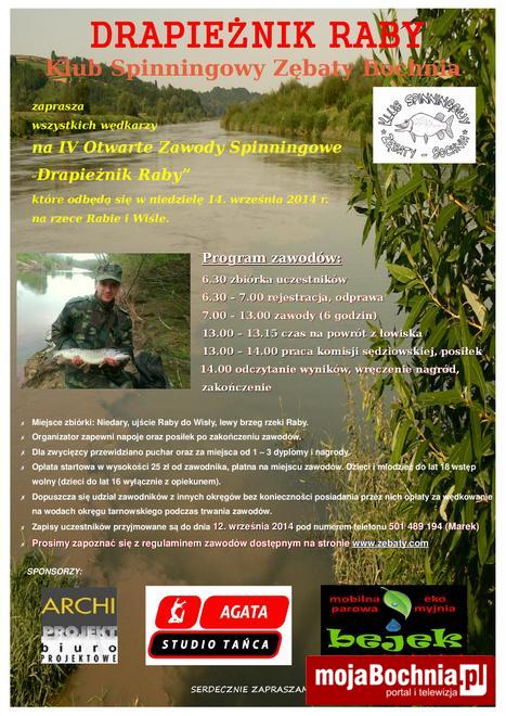 W najbliższą niedzielę na Rabie i Wiśle w rejonie Bochni odbędą się IV Otwarte Zawody Spinningowe po hasłem „Drapieżnik Raby”. Organizatorem imprezy jest Klub Spinningowy Zębaty Bochnia.
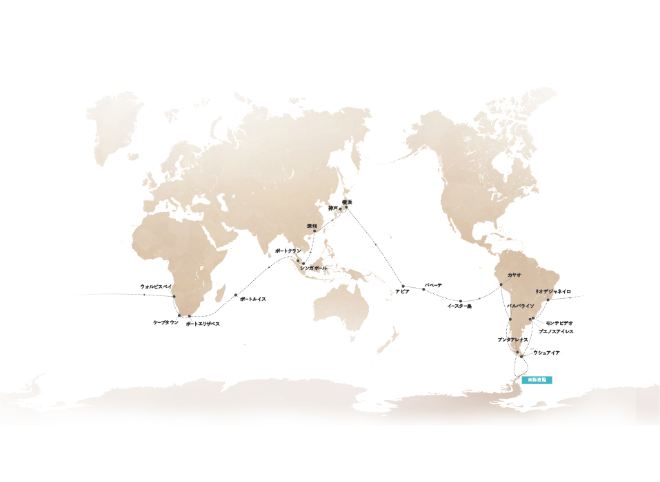 横浜 → 神戸 → 深圳(中国)→ シンガポール → ポートクラン(マレーシア)→ ポートルイス(モーリシャス)→ ポートエリザベス(南アフリカ)→ ケープタウン(南アフリカ)→ ウォルビスベイ(ナミビア)→ リオデジャネイロ(ブラジル)→ モンテビデオ(ウルグアイ)→ ブエノスアイレス(アルゼンチン)→ ウシュアイア(アルゼンチン)→ 南極遊覧 → プンタアレナス(チリ)→ バルパライソ(チリ)→ カヤオ(ペルー)→ イースター島(チリ)→ パペーテ(タヒチ)→ アピア(サモア)→ 横浜→ 神戸
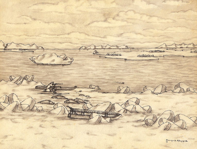 Ahgupuk original pen and ink Inupiat hunting seal in Arctic open water
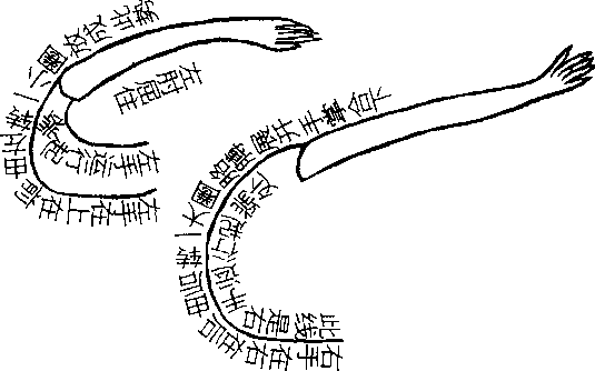 何谓摆脚?右脚抬起,与右腿根平,横而向北,以 足婢人(婢,击也)。然必右肱向右伸开,左肱屈住,手 向右,两手掌朝屋 左右手横而向南打右足。右足横而 向北(即右方),迎左右手至中间,如两人对敌。左右手 摩荡右足,右足摩荡左右手。手足对头,毕错过去右手。 左手平而向左,左肱伸开,右手亦平而向左肱。屈住右 足,与肱平向,右膝稍屈住,停而不停,将有下落之机,
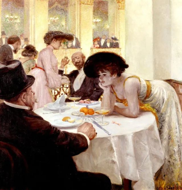 《时尚女性》,那足可以当爷爷的丈夫正在替妻子披上裘皮大衣外套,右边有一位年轻的绅士正在目不转睛地看着这一幕,这样难免会引起观者的联想,是情人,是她包养的小白脸吗?
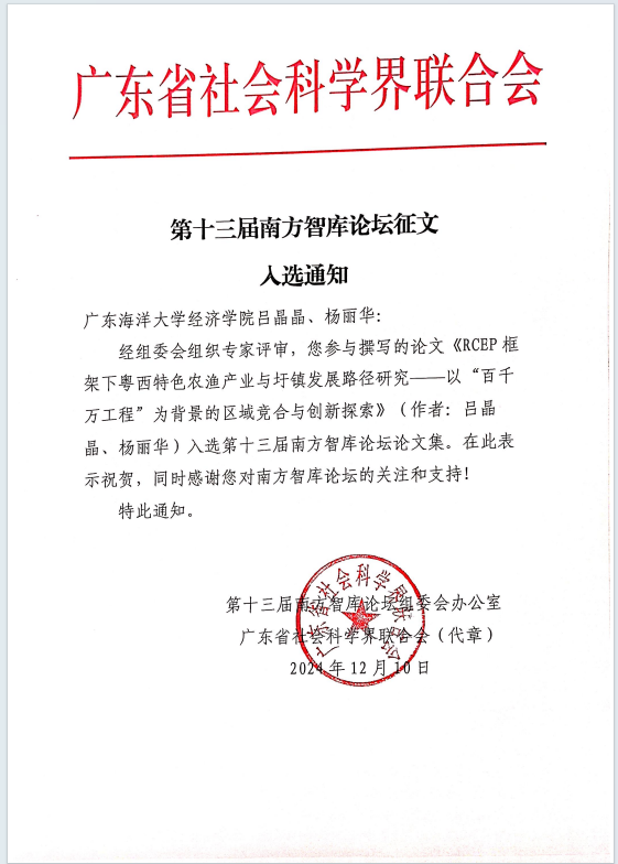 作为2024年williamhill中国官方网站海洋经济与管理研究中心提升项目、2024年williamhill中国官方网站“双百行动”项目《RCEP框架下湛江特色农渔产业高质量发展模式》的阶段性成果,该论文基于区域竞合理论,提出了一套系统全面的协同发展路径,着重从产业协同、区域协同以及社会协同三个维度发力,致力于推动粤西特色农渔产业与圩镇达成高效协调发展的目标。
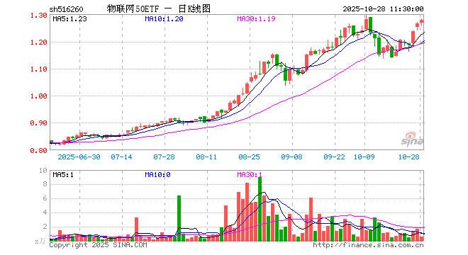 10月28日,截止午间收盘,物联网50ETF(516260)涨1.11%,报1.279元,成交额71.68万元。物联网50ETF(516260)重仓股方面,立讯精密截止午盘涨0.08%,中际旭创涨3.81%,汇川技术涨0.23%,豪威集团涨3.09%,中兴通讯跌2.40%,美的集团跌0.49%,科大讯飞涨2.23%,海康威视跌1.39%,海尔智家跌1.04%,兆易创新涨1.94%。

----------------------------------------

_AIM OF THE EXERCISE_: The entries are to be transcribed word for word, without their images.

_EXPECTED ANSWER_:
 W najbliższą niedzielę na Rabie i Wiśle w rejonie Bochni odbędą się IV Otwarte Zawody Spinningowe po hasłem „Drapieżnik Raby”. Organizatorem imprezy jest Klub Spinningowy Zębaty Bochnia.
 横浜 → 神戸 → 深圳(中国)→ シンガポール → ポートクラン(マレーシア)→ ポートルイス(モーリシャス)→ ポートエリザベス(南アフリカ)→ ケープタウン(南アフリカ)→ ウォルビスベイ(ナミビア)→ リオデジャネイロ(ブラジル)→ モンテビデオ(ウルグアイ)→ ブエノスアイレス(アルゼンチン)→ ウシュアイア(アルゼンチン)→ 南極遊覧 → プンタアレナス(チリ)→ バルパライソ(チリ)→ カヤオ(ペルー)→ イースター島(チリ)→ パペーテ(タヒチ)→ アピア(サモア)→ 横浜→ 神戸
 Ahgupuk original pen and ink Inupiat hunting seal in Arctic open water
 何谓摆脚?右脚抬起,与右腿根平,横而向北,以 足婢人(婢,击也)。然必右肱向右伸开,左肱屈住,手 向右,两手掌朝屋 左右手横而向南打右足。右足横而 向北(即右方),迎左右手至中间,如两人对敌。左右手 摩荡右足,右足摩荡左右手。手足对头,毕错过去右手。 左手平而向左,左肱伸开,右手亦平而向左肱。屈住右 足,与肱平向,右膝稍屈住,停而不停,将有下落之机,
 《时尚女性》,那足可以当爷爷的丈夫正在替妻子披上裘皮大衣外套,右边有一位年轻的绅士正在目不转睛地看着这一幕,这样难免会引起观者的联想,是情人,是她包养的小白脸吗?
 作为2024年williamhill中国官方网站海洋经济与管理研究中心提升项目、2024年williamhill中国官方网站“双百行动”项目《RCEP框架下湛江特色农渔产业高质量发展模式》的阶段性成果,该论文基于区域竞合理论,提出了一套系统全面的协同发展路径,着重从产业协同、区域协同以及社会协同三个维度发力,致力于推动粤西特色农渔产业与圩镇达成高效协调发展的目标。
 10月28日,截止午间收盘,物联网50ETF(516260)涨1.11%,报1.279元,成交额71.68万元。物联网50ETF(516260)重仓股方面,立讯精密截止午盘涨0.08%,中际旭创涨3.81%,汇川技术涨0.23%,豪威集团涨3.09%,中兴通讯跌2.40%,美的集团跌0.49%,科大讯飞涨2.23%,海康威视跌1.39%,海尔智家跌1.04%,兆易创新涨1.94%。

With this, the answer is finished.